Grady was ahead of the curve. By March 1966, four months before the money started flowing, fewer than half the nation's hospitals — and less than a quarter of them in the South — met federal standards outlawing racial discrimination, Lee wrote in 2015 in the Journal of the American Society on Aging.
Hospital inspections by Lee and other federal officials, more litigation and a come-to-Johnson meeting of health care executives at the White House led 95% of the 7,000 hospitals nationwide to comply within six months, enabling Johnson to declare that "there will be no second-class patients in our health-care institutions" nationwide, Lee wrote.
This fundamental principle of American federalism has extended to many other areas: States have updated antidiscrimination practices to qualify for education money and raised the legal drinking age to 21 to get highway funding, for example.
"The feds are saying, here's a bunch of money — if you want it, abide by our conditions.
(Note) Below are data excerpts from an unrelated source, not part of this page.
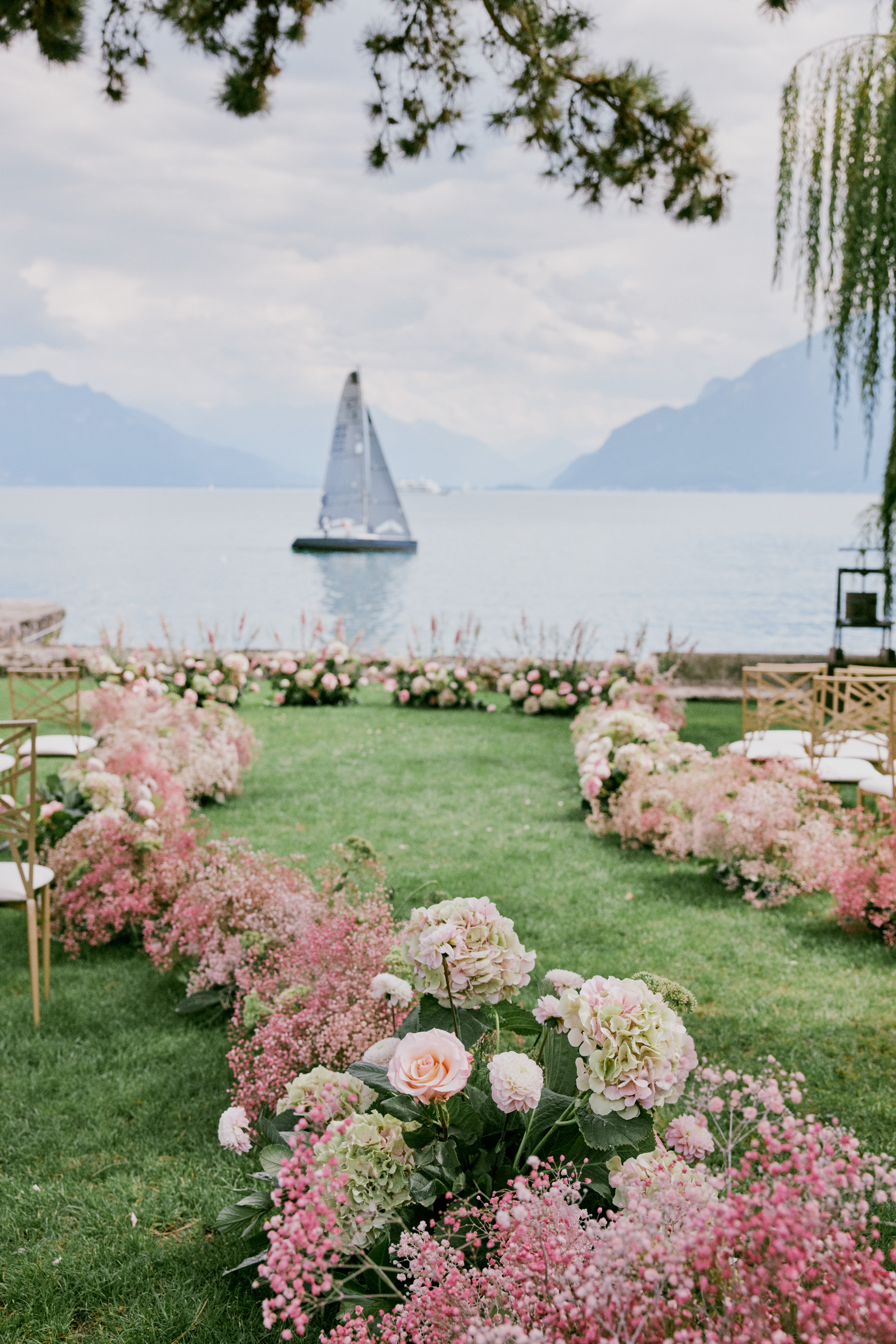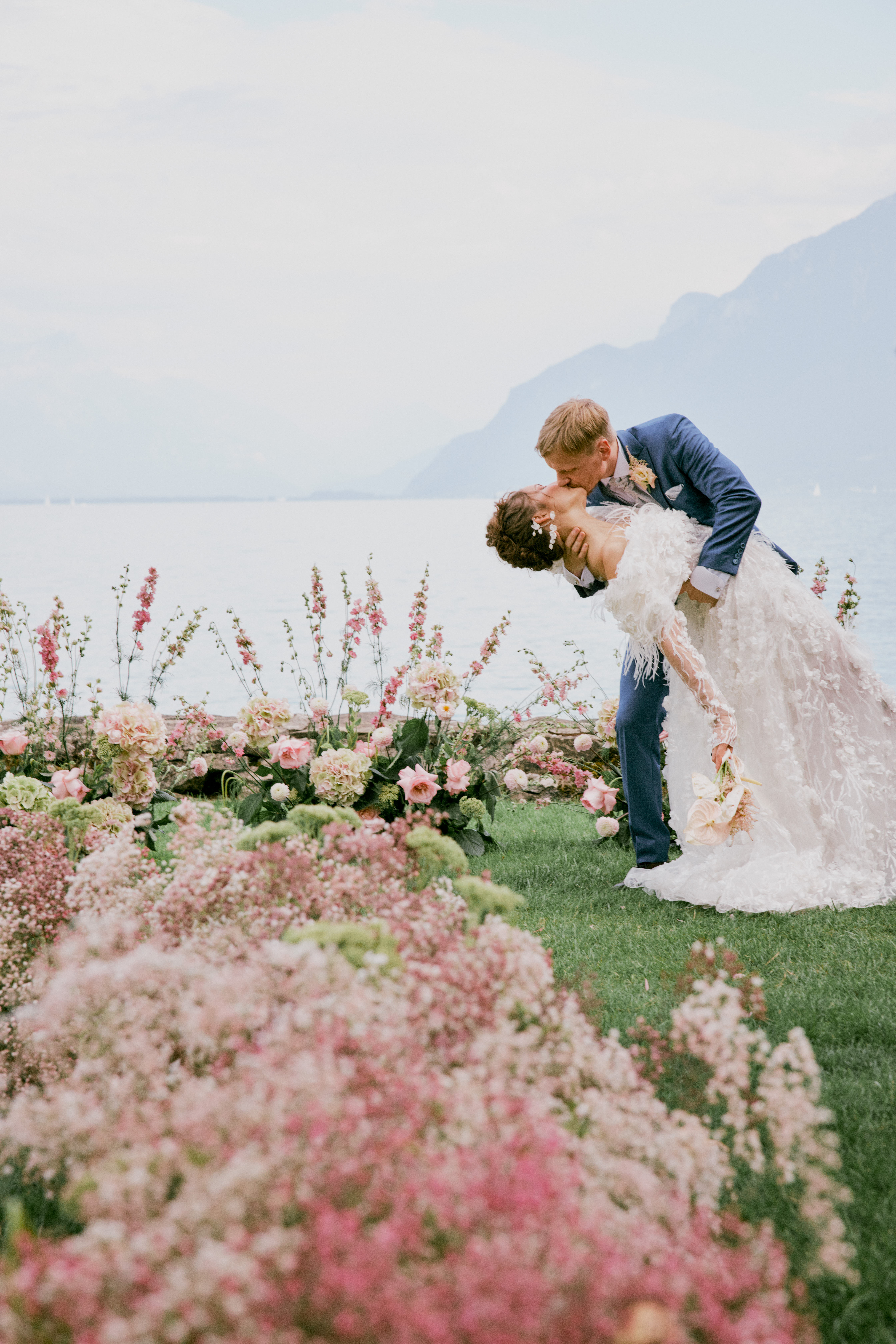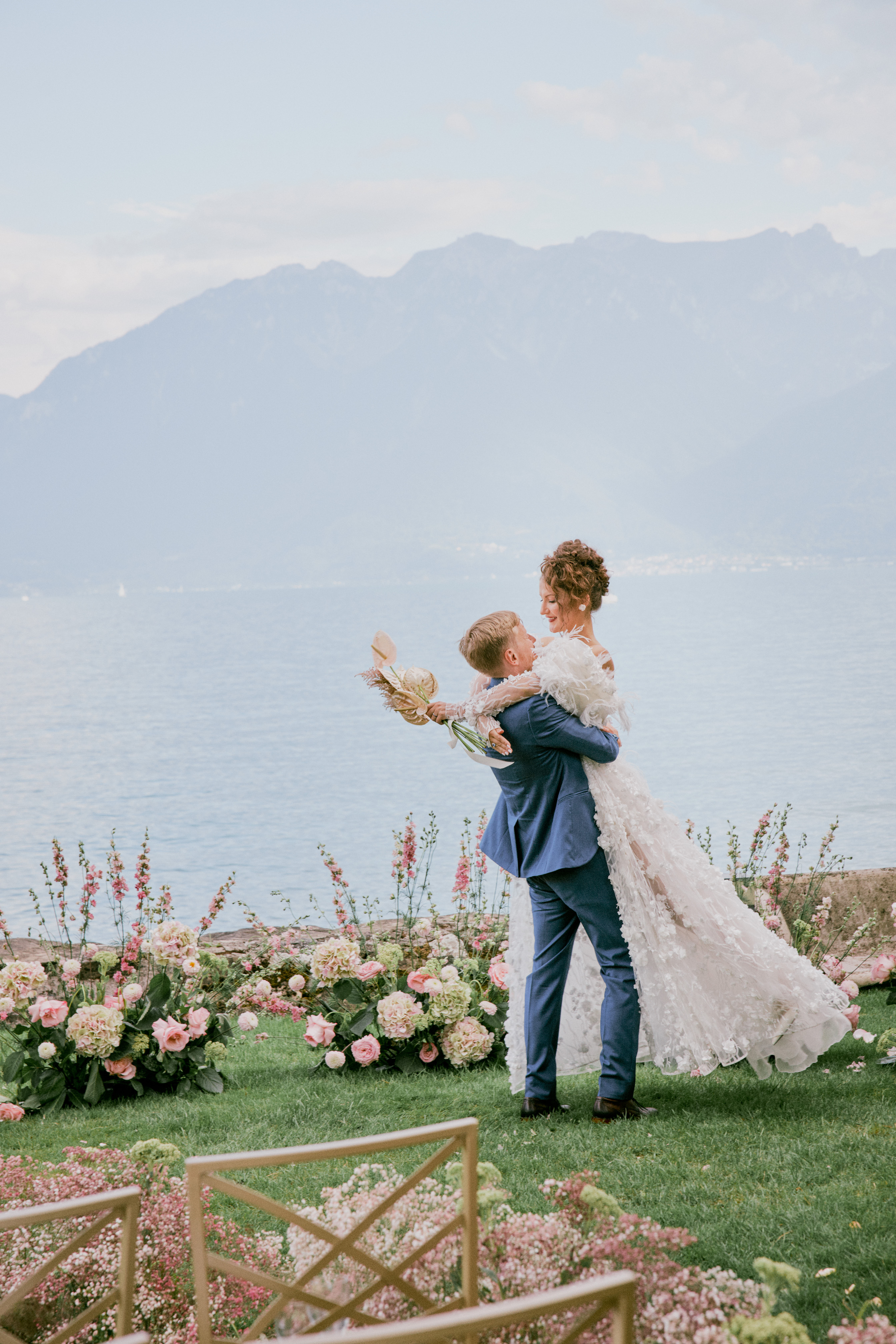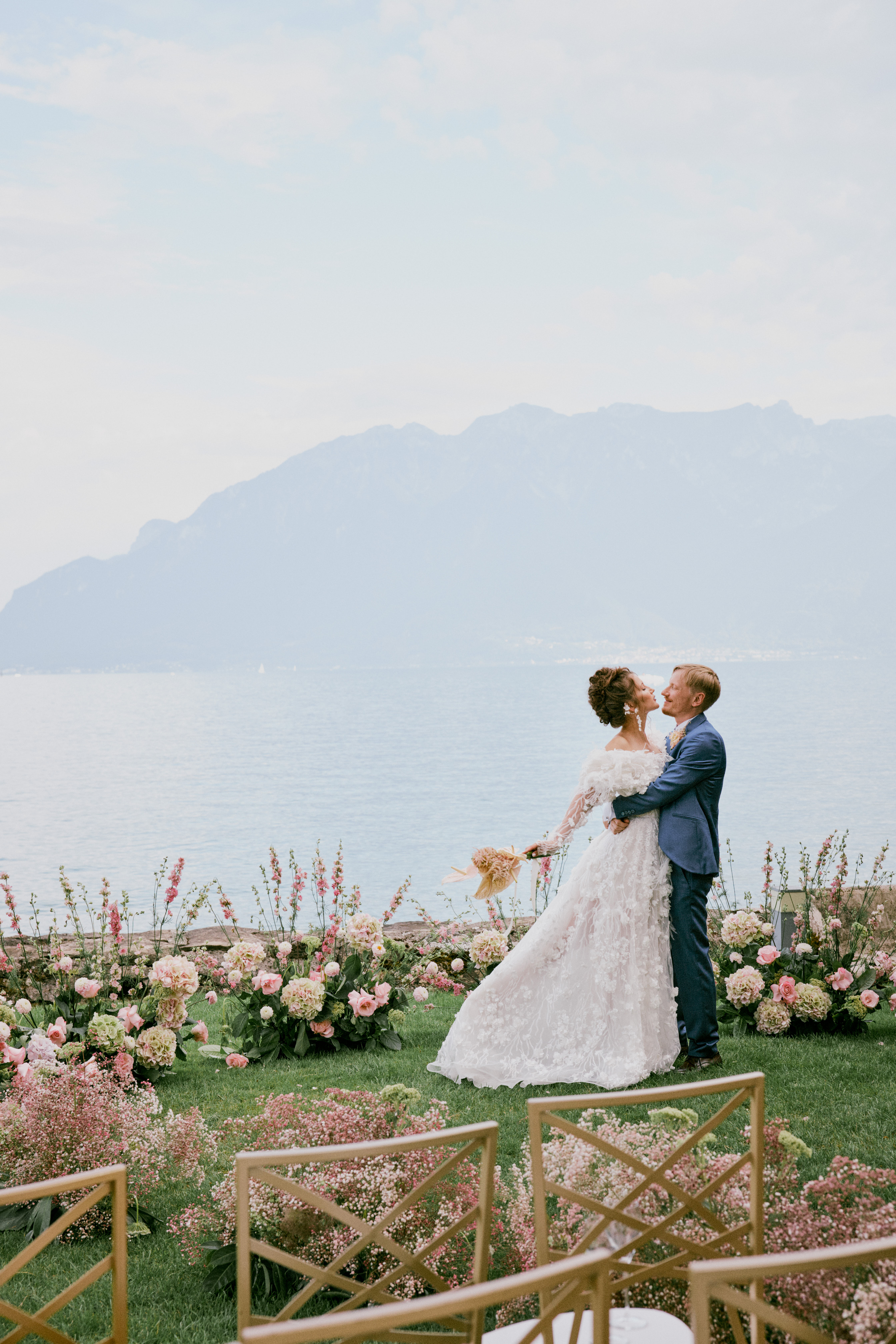 Daria and Yurii was one of our first big projects where we could unleash our creative side thanks to Daria (the bride) being also a super talented artist! Living in Switzerland they really wanted to celebrate not far from their home, but also embracing the beauty of Lake Leman, Alpes and Lavaux vineyards. They have chosen the lawn of the Chateau located right on the shore to benefit from this rare opportunity of having only the water and the mountains as their natural backdrop. It was an intimate wedding with close friends and family but with extraordinary energy!
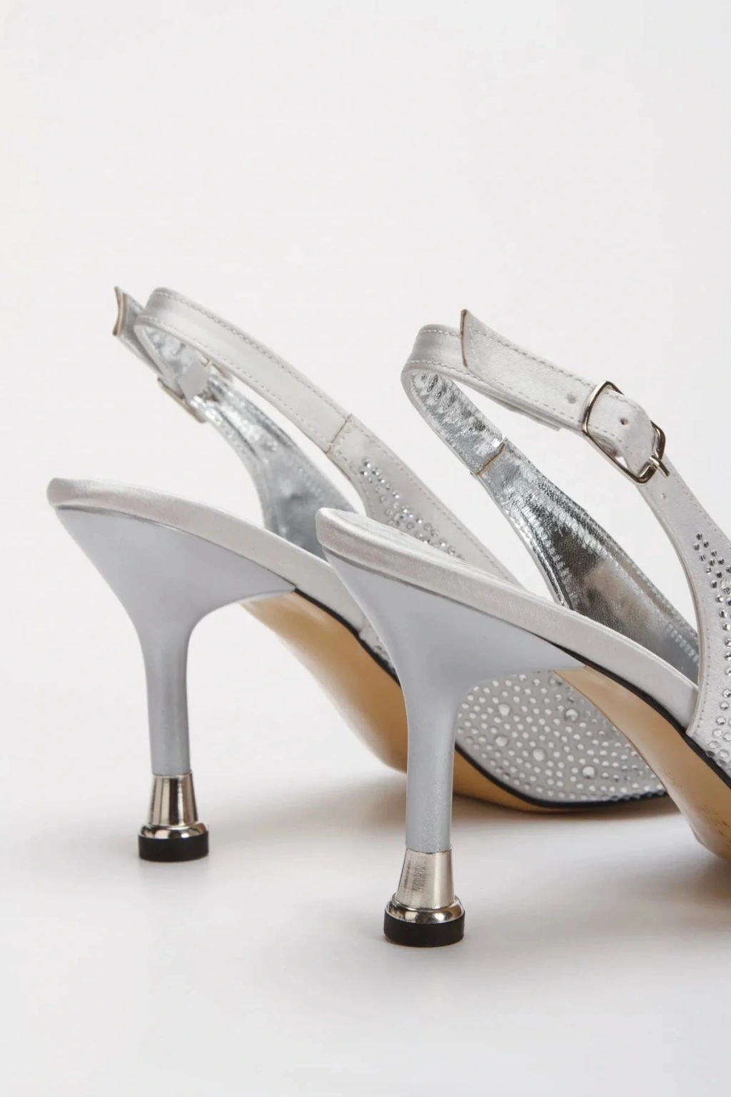 Kadın Gümüş Saten Damla Taşlarla Bezenmiş 8 cm İnce Galvaniz Topuklu Rahat Stiletto
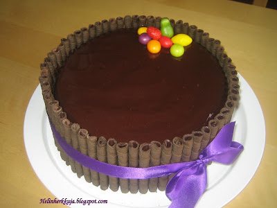 Onneksi tosiaan joskus saa yllättyä myös positiivisesti; tämä onnistui aikasta mainiosti. Koristelua pähkäilin pitkään enkä keksinyt mitään kivaa tuohon päälle, mutta sitten mies muistutti Vegasin tuliaisina saamistani karkeista ja ne toivat ihanat värit kakkuun. :) Päällinen ei mennyt ihan tasaisesti, mutta oli mun eka suklaapäällystys jota jännitin kovasti; harjoitus varmaan tekee tässäkin mestarin.. :) Pohja mehevä suklaakakkupohja, täytteet valkosuklaatäyte+Lemon Curd sekä mansikkatäyte, päällä suklaakuorrutus. Reseptit Kinuskikissalta. Reunoilla tuollaisia pyöreitä keksejä joita saa metallipurkissa, enpä muista nimeä, valitsin sen "tummasuklaa"-version. Tämä oli tosi hyvää, aika tuhtia ja tosi suklaista, vähän Sacherkakku-henkistä.. Nam. Nauha jäämistöä meidän häistä. ;)
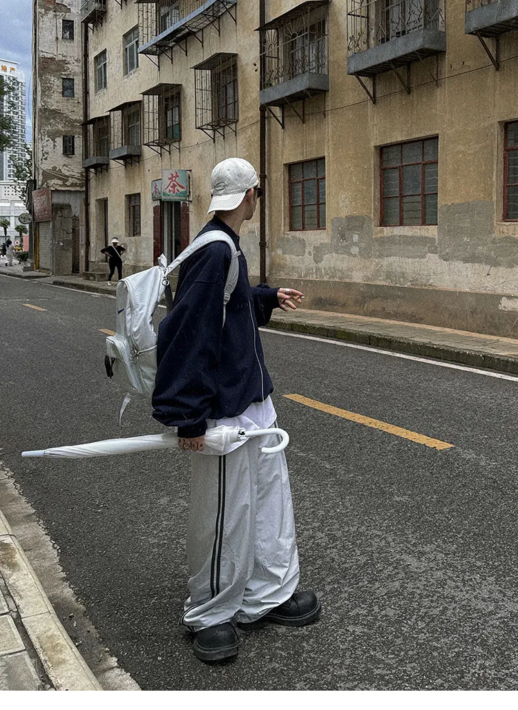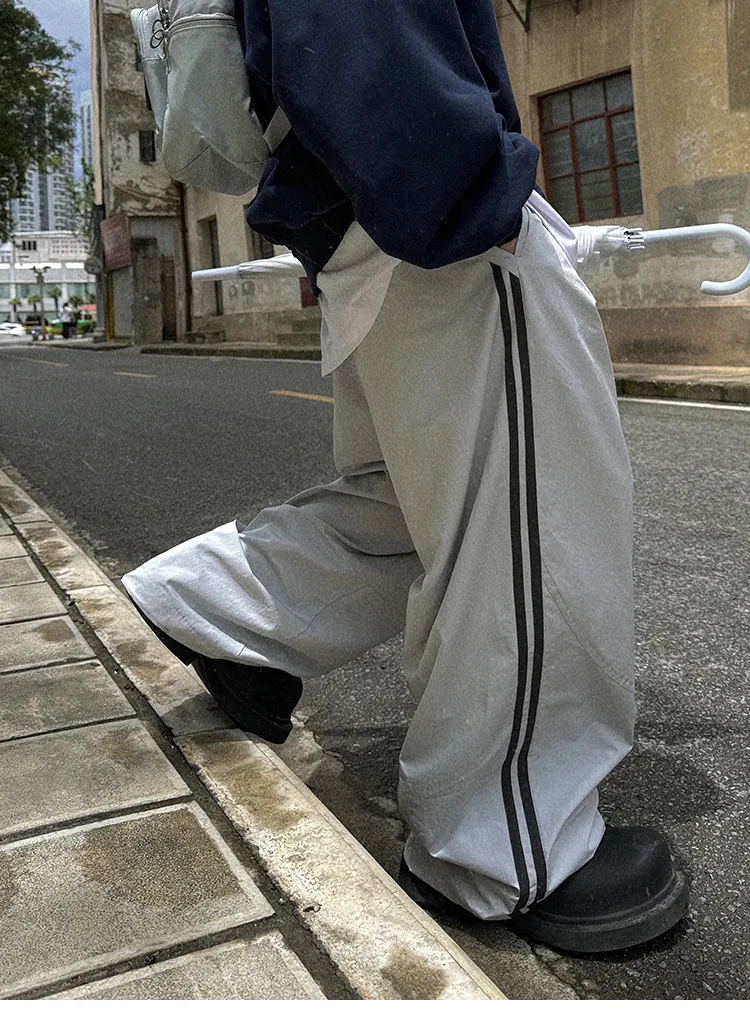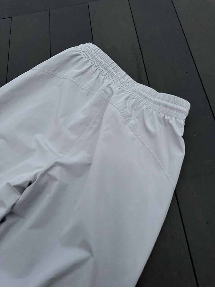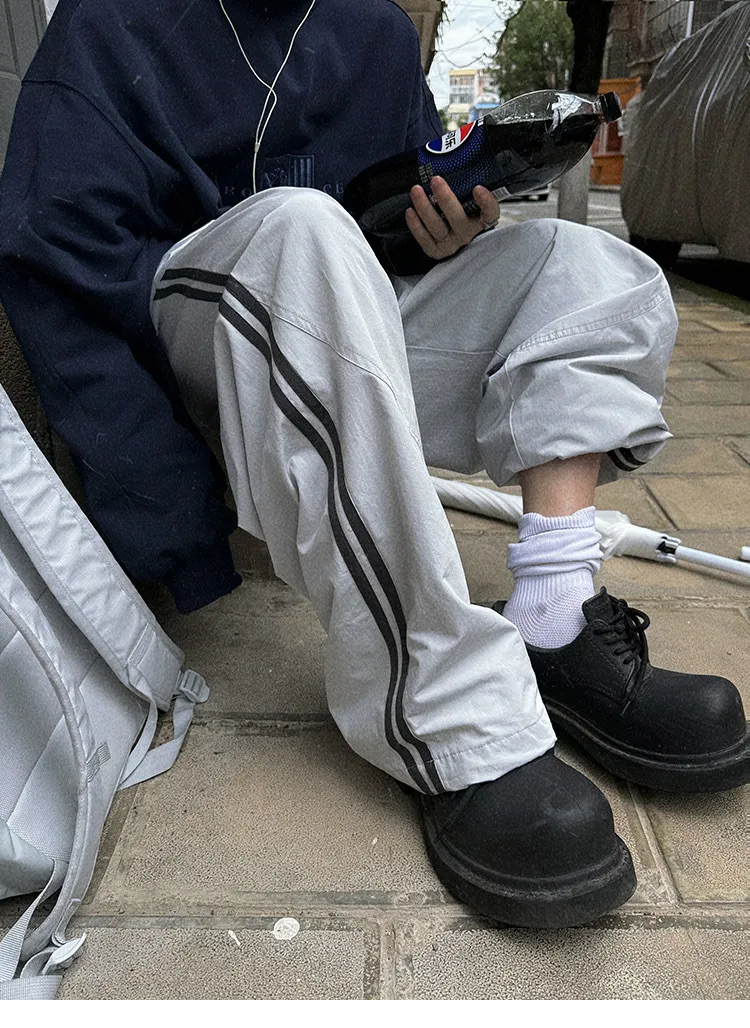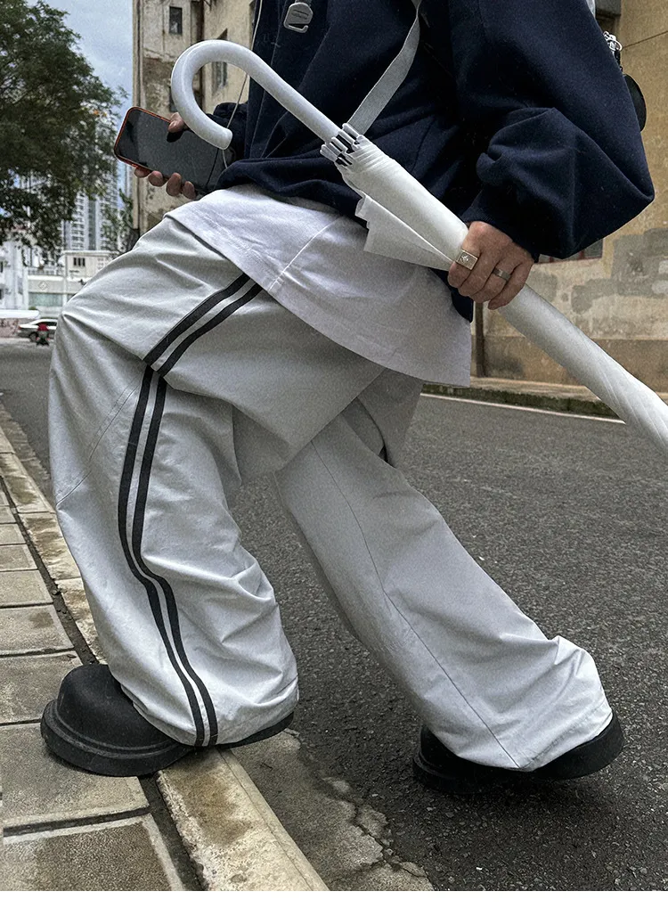 AUROCEAN 灰白 邊條 堆疊感 尼龍 運動褲 長褲(灰白色)

If you don't, don't take it. It's as simple as that," said Eric Segall, a constitutional law professor at Georgia State University. "No one who cares about the text and history of the Constitution" would seriously argue that federal spending power can't be used as leverage this way, he argued.
But this federal power was challenged in a 2012 ruling against the Affordable Care Act, which initially would have withdrawn states from Medicaid if they declined federal funding to expand the program. Chief Justice John Roberts' opinion held that this aspect of "Obamacare" amounted to unconstitutional coercion. Most states have volunteered to expand since then.